Around the block

By Elaine Watson

- Last updated on GMT

Related tags Soft drinks Management Soft drink

Around the block
Dave Turvey, operations director, Kerrygold, LeekI didn't do fantastically well in my school exams, but I was pretty good at football. So when I left...

Dave Turvey, operations director, Kerrygold, Leek

I didn't do fantastically well in my school exams, but I was pretty good at football. So when I left was pinning my hopes on becoming a professional footballer. I got pretty close I had trials with Southampton, which was in the first division at the time, but I didn't make it. In the end, I went to work in a local soft drinks factory, which was a bit embarrassing, because I thought all my friends were doing amazing jobs. But once I'd started, there was no looking back, and by the time I was 23, I was a production manager.

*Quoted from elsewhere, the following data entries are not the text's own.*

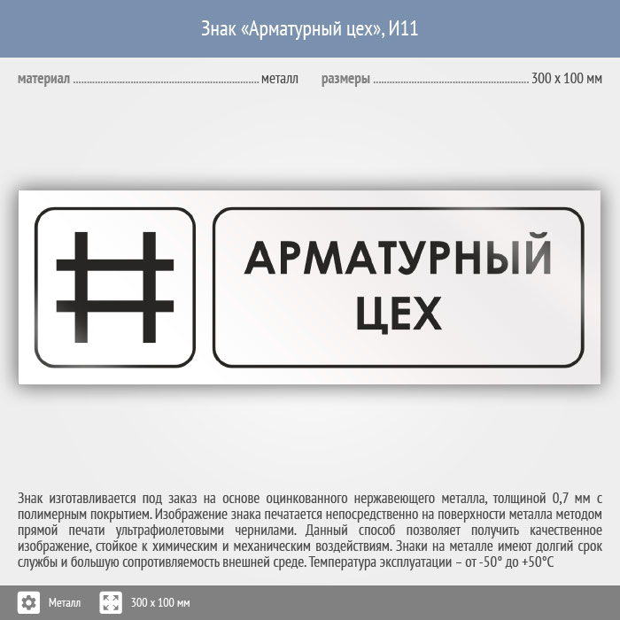 Знак «Арматурный цех», И11 (металл, 300х100 мм) в Яхроме купить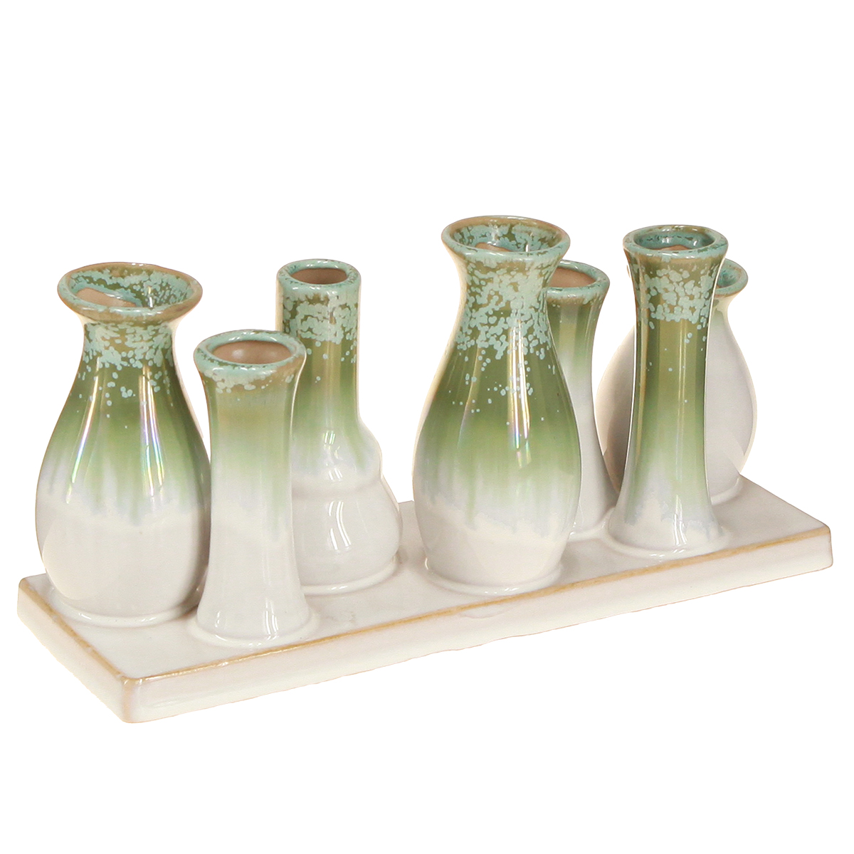 - 7 dekoratyvinių keraminių vazų rinkinys ant tvirto padėklo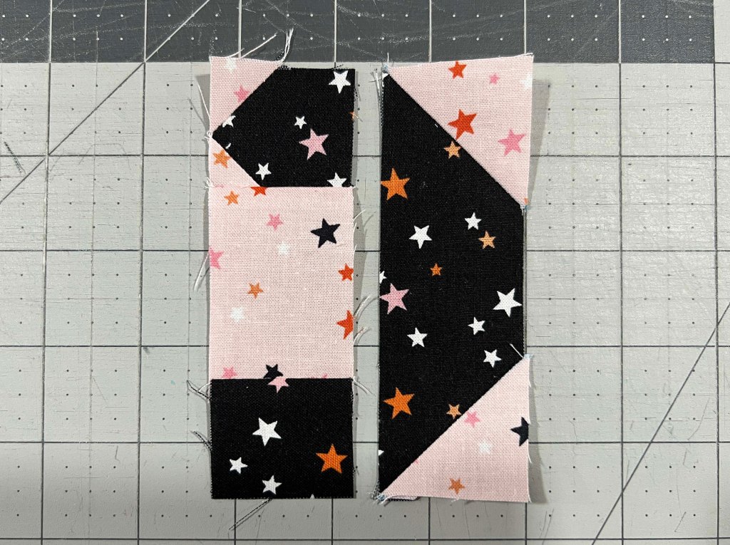 For the left portion of the tail, cut two 1-1/2″ squares in the black, one 1-1/2″ x 2-1/2″ inch background square (I used pink) and two small 3/4″ background pieces to round the tip of the tail– just leave the tip of the tail square if that size piece is too small for you. Stitch and flip the tiny background squares to a 1-1/2″ black square as shown, then sew it to the top of the pink rectangle and add the other black square at the bottom.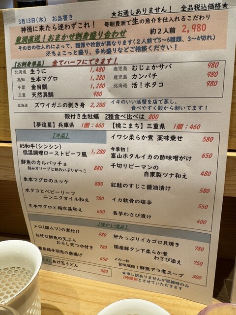 この日はワイン好きの友達と美味しいもの食べに行こうって誘って。なんも予備知識無しで連れてったのですが「やばい!この刺し盛り!!!」って最初からヒートアップ!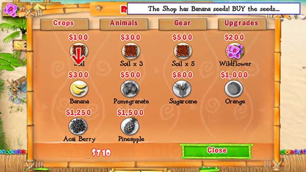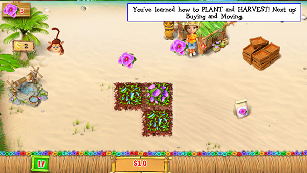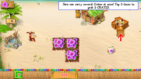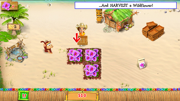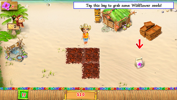 每个关卡都有明确目标,例如在1分30秒内收获4朵鲜花,成功即可获得700金币奖励。操作简单直观:先点击角色移动至红色箭头位置拾取种子,再前往红土地进行播种,确保每块土地都种满作物。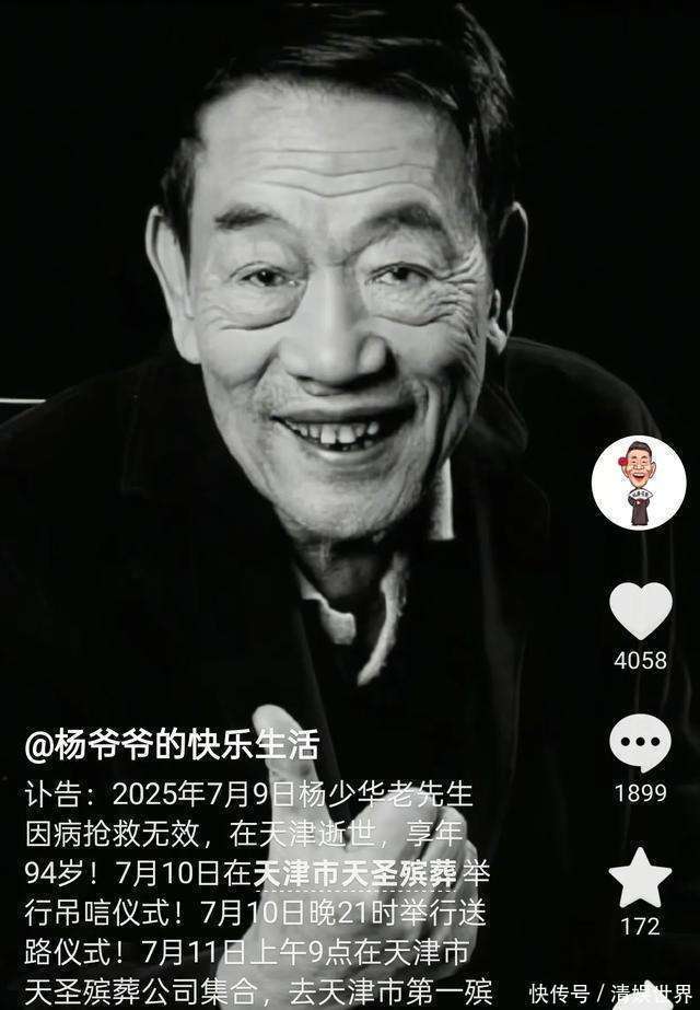 7月10号,杨议和杨伦哥俩发了讣告,文牍老爷子杨少华走了。这音信一出,网上立马炸开了锅,毕竟老爷子在相声界那然而巨擘级的东说念主物,说句不美妙的,那也算是喜丧了。可接下来爆出的灵堂相片,却让东说念主大跌眼镜。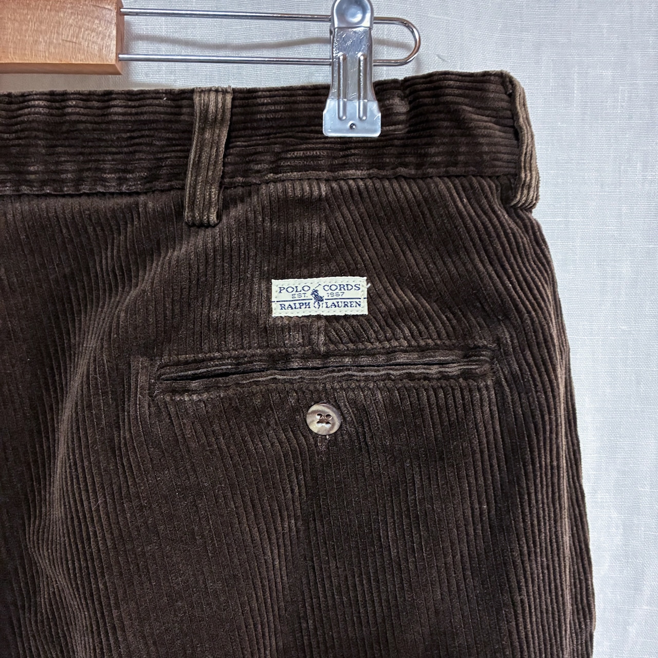 90s ラルフローレン ANDREW 2タック コーデュロイパンツ W36 L30 ブラウン ワイドシルエット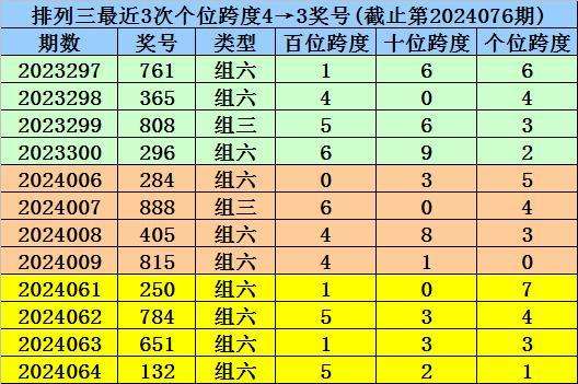 第2024061-第2024063期奖号:250、784、651,其下期奖号为:132,末位号码跨度为5;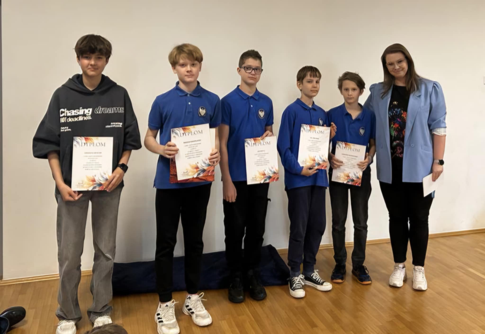 Skład drużyny chłopców: Maksymilian B., Aleksander C., Zbyszek I., Szymon K., Mikołaj K., Jerzy K., Michał S., Jonasz S., Mksymilian Z.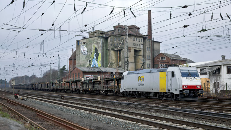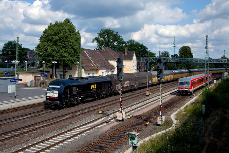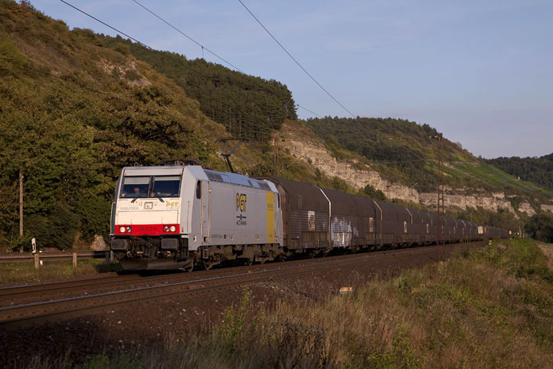 Noch ein Highlight, die 185 637-6 der PCT Altmann-Gruppe mit einem Autologistikzug.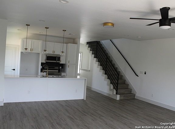 Modern white countertopsOpen floor planAbundant natural lightStainless steel appliancesCustom built closetsSpacious three bedroomsPendant lighting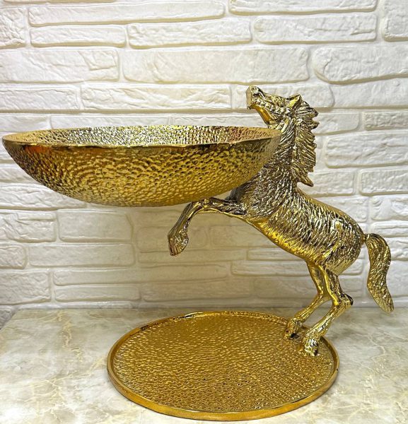 کاسه چکشی اسب پرشی طلایی/نقره ای با میوه/آجیل/شیرینی یک هدیه زیبا و ماندگار برای هر مناسبتی است. این اسب خیره کننده و باشکوه با میوه/آجیل/شیرینی پر شده است و مطمئناً مورد توجه همه قرار خواهد گرفت.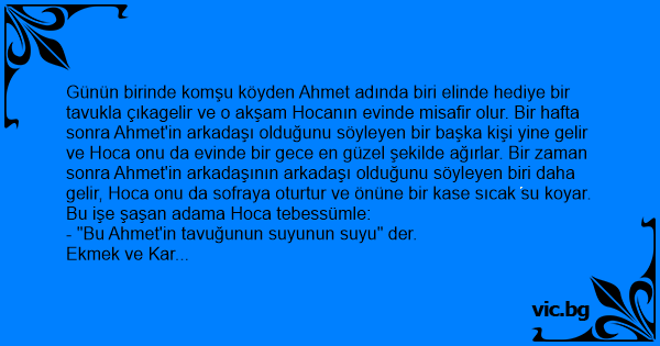 Günün birinde komşu köyden Ahmet adında biri elinde hediye bir tavukla çıkagelir ve o akşam Hocanın evinde misafir olur. Bir hafta sonra Ahmet'in arkadaşı olduğunu söyleyen bir başka kişi yine gelir ve Hoca onu da evinde bir gece en güzel şekilde ağırlar. Bir zaman sonra Ahmet'in arkadaşının arkadaşı olduğunu söyleyen biri daha gelir, Hoca onu da sofraya oturtur ve önüne bir kase sıcak su koyar. Bu işe şaşan adama Hoca tebessümle: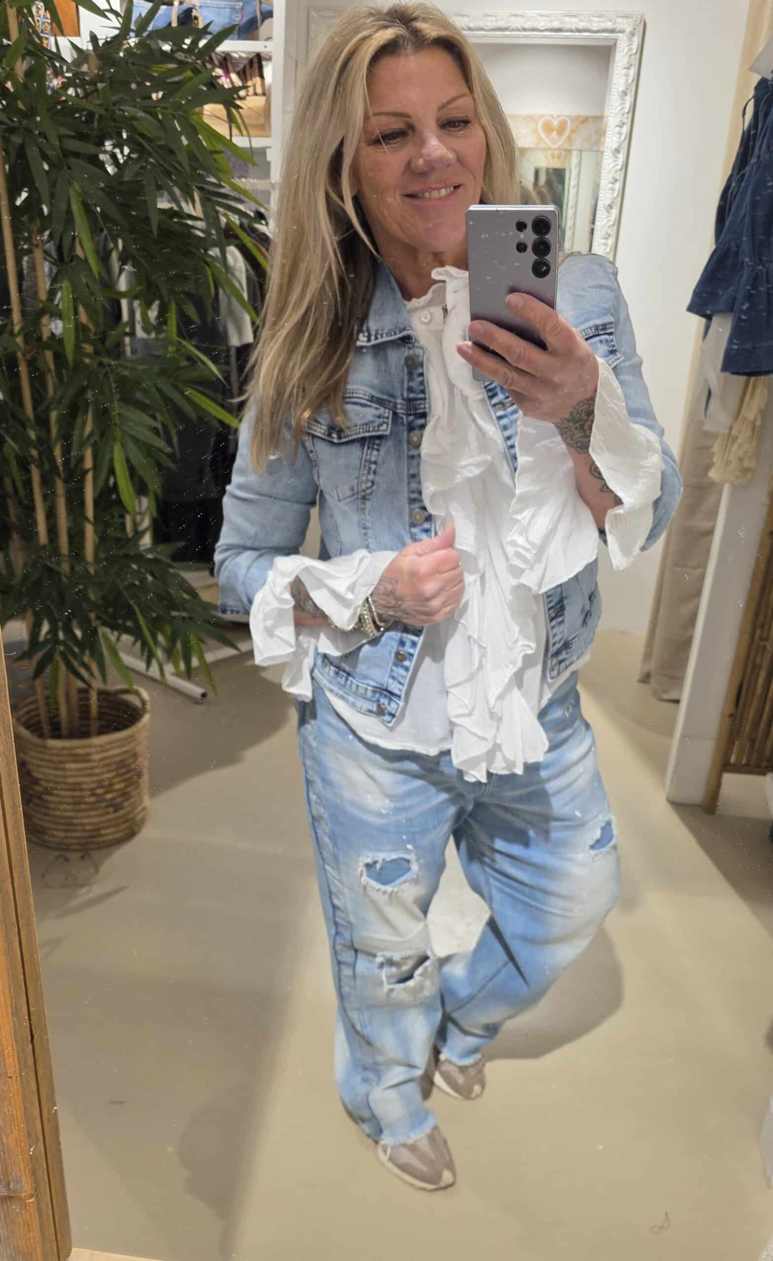Heerlijk stretch, licht getailleerd,  prachtige wassing, mooi stoer vrouwelijk denim jacket. Onmisbaar in je garderobe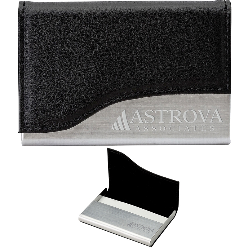Steel business card case with curved leatherette magnetic hinged cover.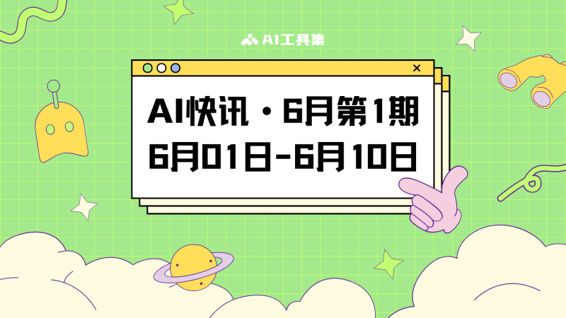 AI工具集采用每月3期的版面集合,每日更新AI行业的最新快讯,本期为6月第1期(6月1日到6月10日)的AI行业新闻集合。
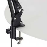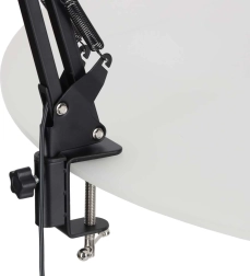 La boîte contient à la fois une base ronde stable et une pince de fixation pour le bord du plateau (max. 5 cm). Choisissez la solution qui convient à votre espace de travail – posée sur le bureau ou en économisant de la place grâce à la pince.

I moved around the soft drinks industry until the late 1990s, but realised I could end up becoming pigeonholed if I didn't make a move into a different sector pretty soon.

So in the summer of 1999, I arrived here at Kerrygold's cheese packing site as manufacturing manager. Back then, the site was where our car park is now and we were handling about 35,000t of cheese compared with 60,000t now. It was also mostly pre-packed product we were cutting large blocks into smaller blocks whereas today we do slicing, grating and deli-packs as well.

When I arrived, I felt the site needed a massive culture change, and I brought in a couple of people I knew would help me make that happen. Several people had been here for years and although they had lots of valuable experience, some were also reluctant to change. We also had an absenteeism rate of 8.5%, which wasn't great. One of the first things I did was put all first-line managers through management training, which made a huge difference to the way we operate.

We've increased productivity by 20% over the last 10 years, and a lot of the progress has come through working together more.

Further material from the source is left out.